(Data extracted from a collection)
┌──
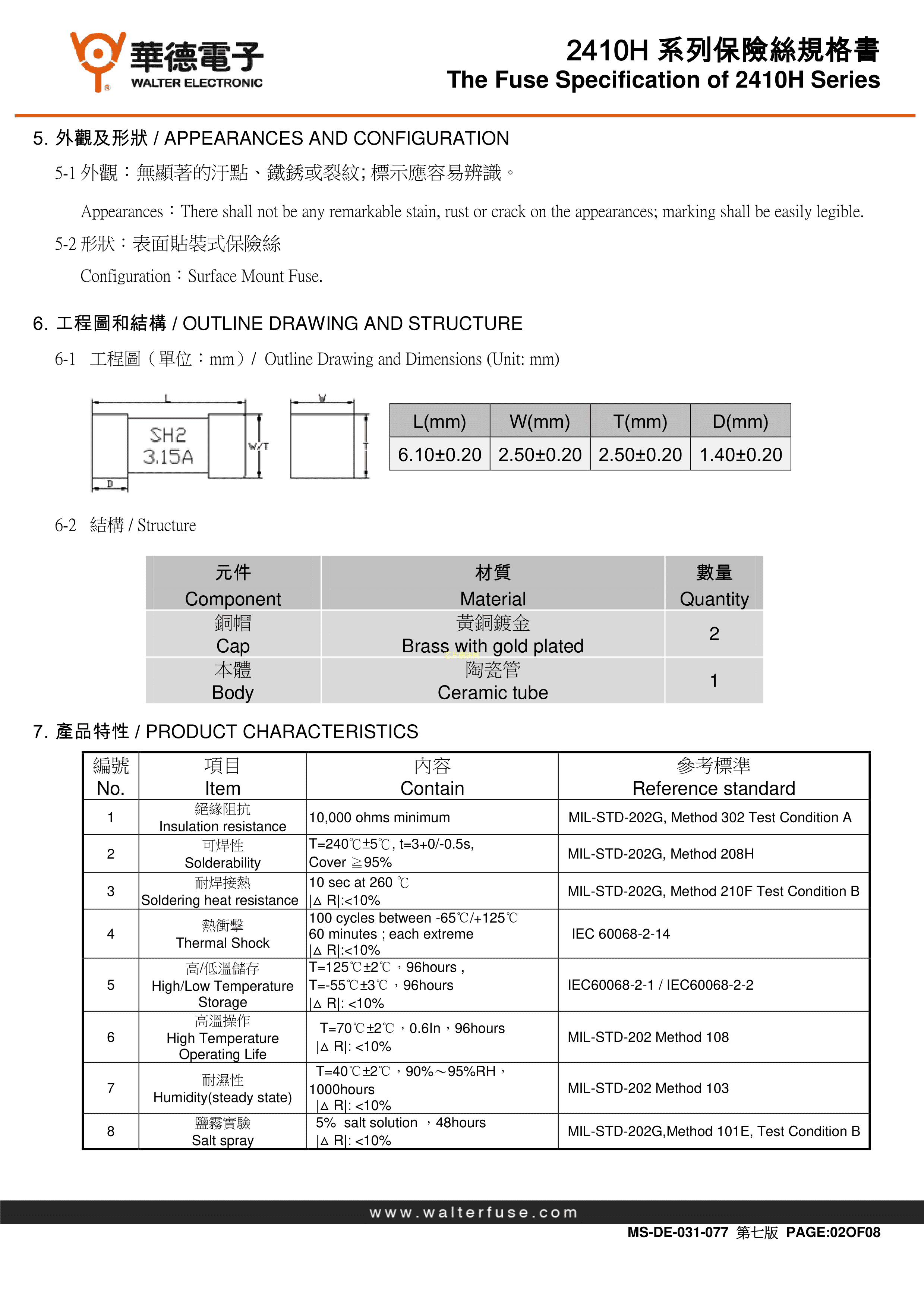 2410H5A250V数据手册SMD封装WALTER(华德)PDF规格书,中英文下载
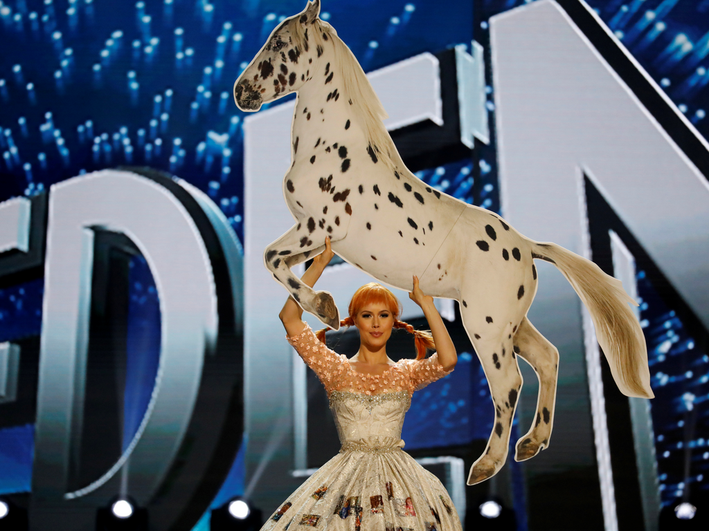 Miss Sweden 2016 Ida Ovmar paid homage to Swedish author Astrid Lindgrens creation Pippi Longstocking, complete with her own horse.
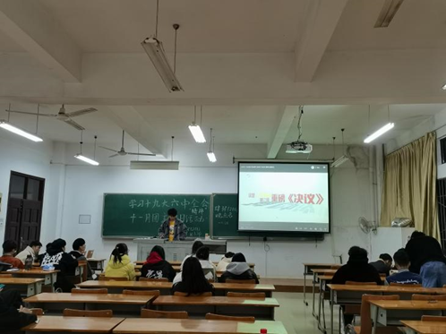 为深入学习党的十九届六中全会精神,把十九届六中全会的精神实践于生活行动当中。学院于11月28日晚在各班班会上协同教师及班长开展了学习《中国共产党第十九届六中全会重要精神》主题团课活动。
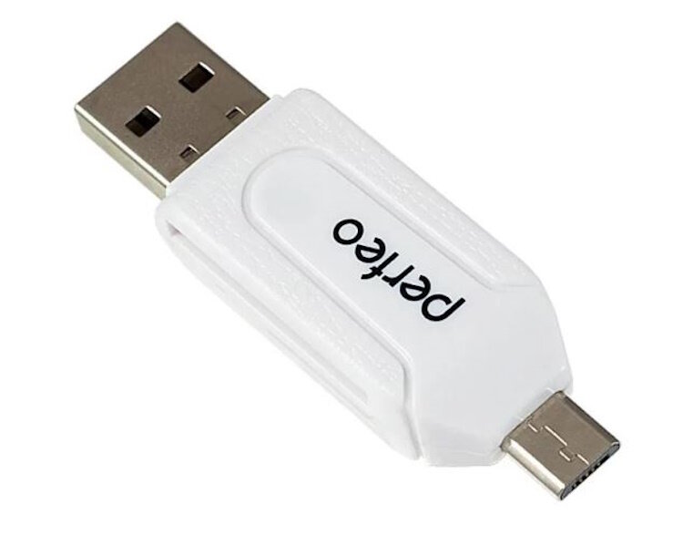 Картридер Perfeo OTG Сard Reader 2.0 White (mSD,mSDHC,SD,SDHC) PF-VI-O004, 1шт.
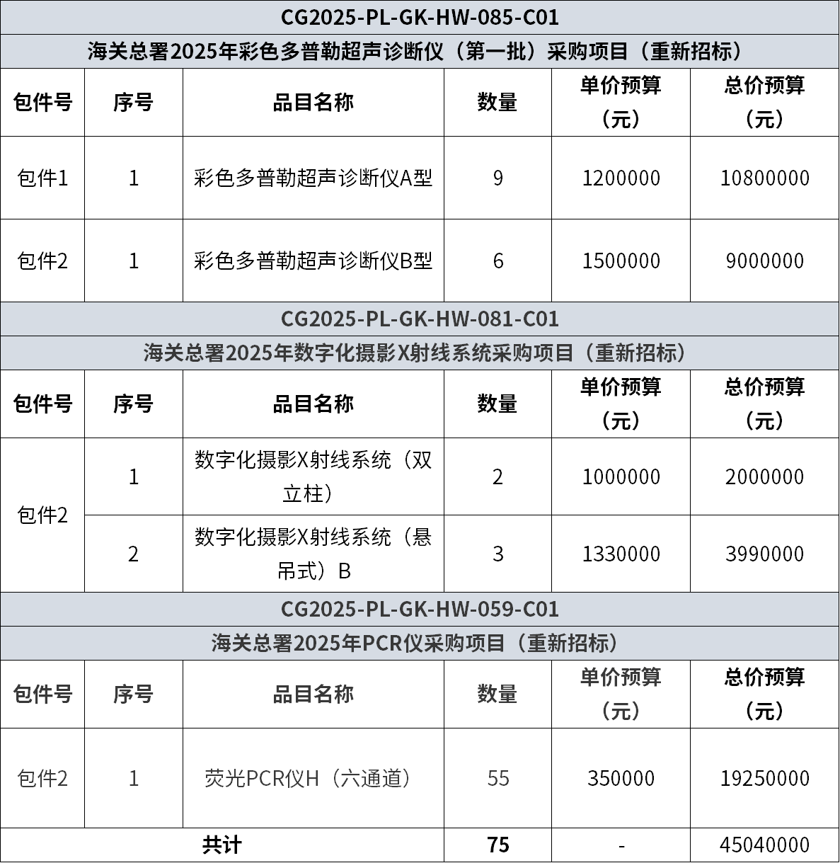 近日,海關總署物資裝備采購中心發布多則公告,分別就“海關總署2025年數字化攝影X射線系統采購項目(重新招標)”“海關總署2025PCR儀采購項目(重新招標)”“海關總署2025年彩色多普勒超聲診斷儀(第一批)采購項目(重新招標)”進行國內公開招標采購。
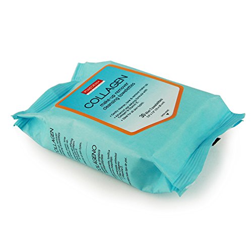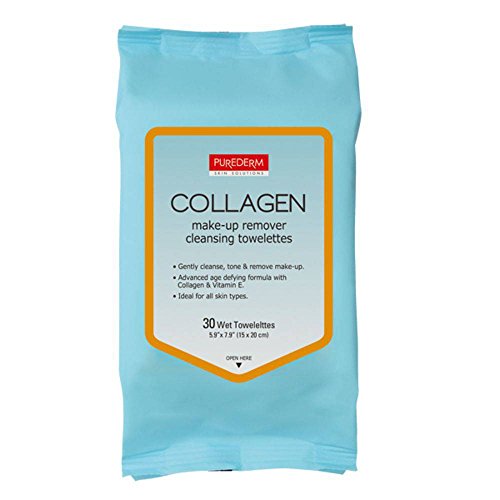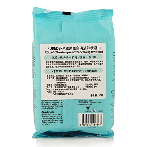 Purederm - مناديل مبللة منظفة ومزيلة للمكياج (30 منديل - بخلاصة الكولاجين، من بيور ديرم، أزرق
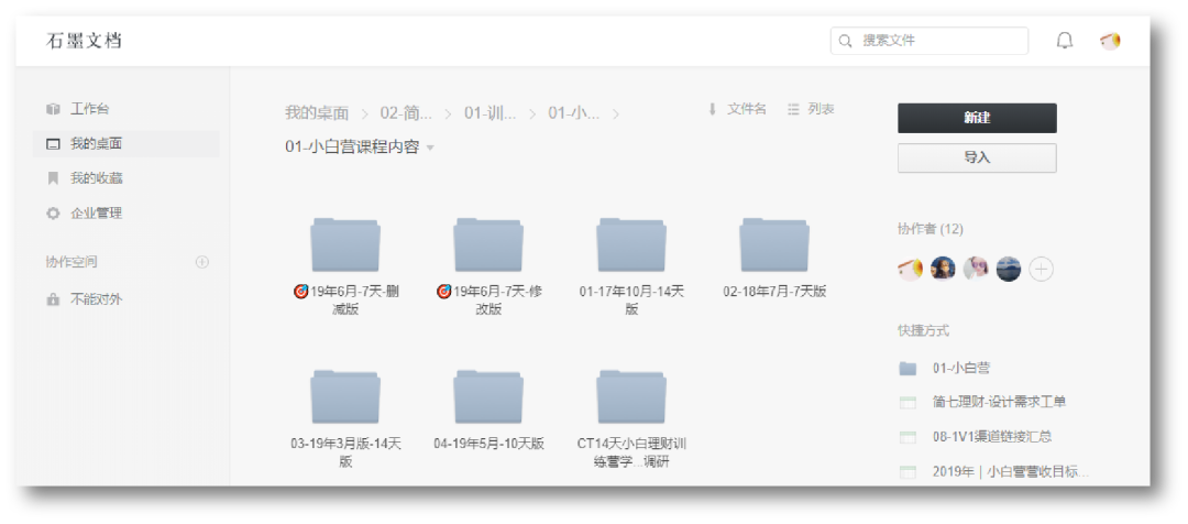 对于内容部来说,每一门课程都是一个独立的项目,他们将课程相关的所有内容规范存储于石墨文档对应的文件夹,这为项目管理,以及内容的随时查阅、使用提供了便利。
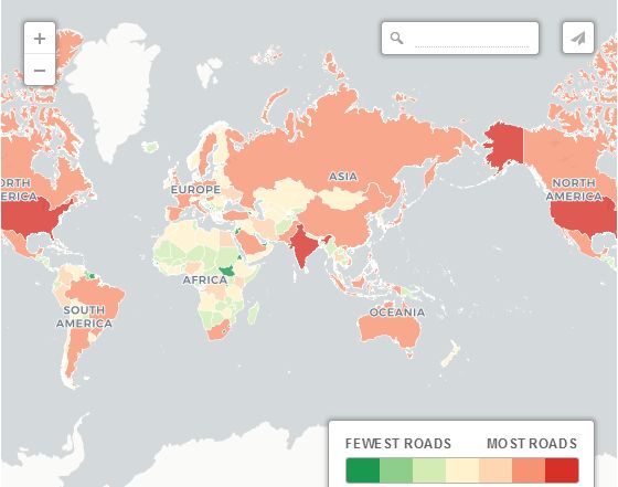 公路網密度這張地圖顯示了世界各地公路網絡的總長度。美國名列榜首,有600萬公里的公路。排名前五的其他國家:印度、中國、巴西和俄羅斯。最少公路網的則是南太平洋的圖瓦盧,只有8公里。
└──
Work item
Restate word for word the lines starting at the one that contains "对于内容部来说,每一门课程都" and ending at the last line of the data. Skip every picture.

Solution
 对于内容部来说,每一门课程都是一个独立的项目,他们将课程相关的所有内容规范存储于石墨文档对应的文件夹,这为项目管理,以及内容的随时查阅、使用提供了便利。
 公路網密度這張地圖顯示了世界各地公路網絡的總長度。美國名列榜首,有600萬公里的公路。排名前五的其他國家:印度、中國、巴西和俄羅斯。最少公路網的則是南太平洋的圖瓦盧,只有8公里。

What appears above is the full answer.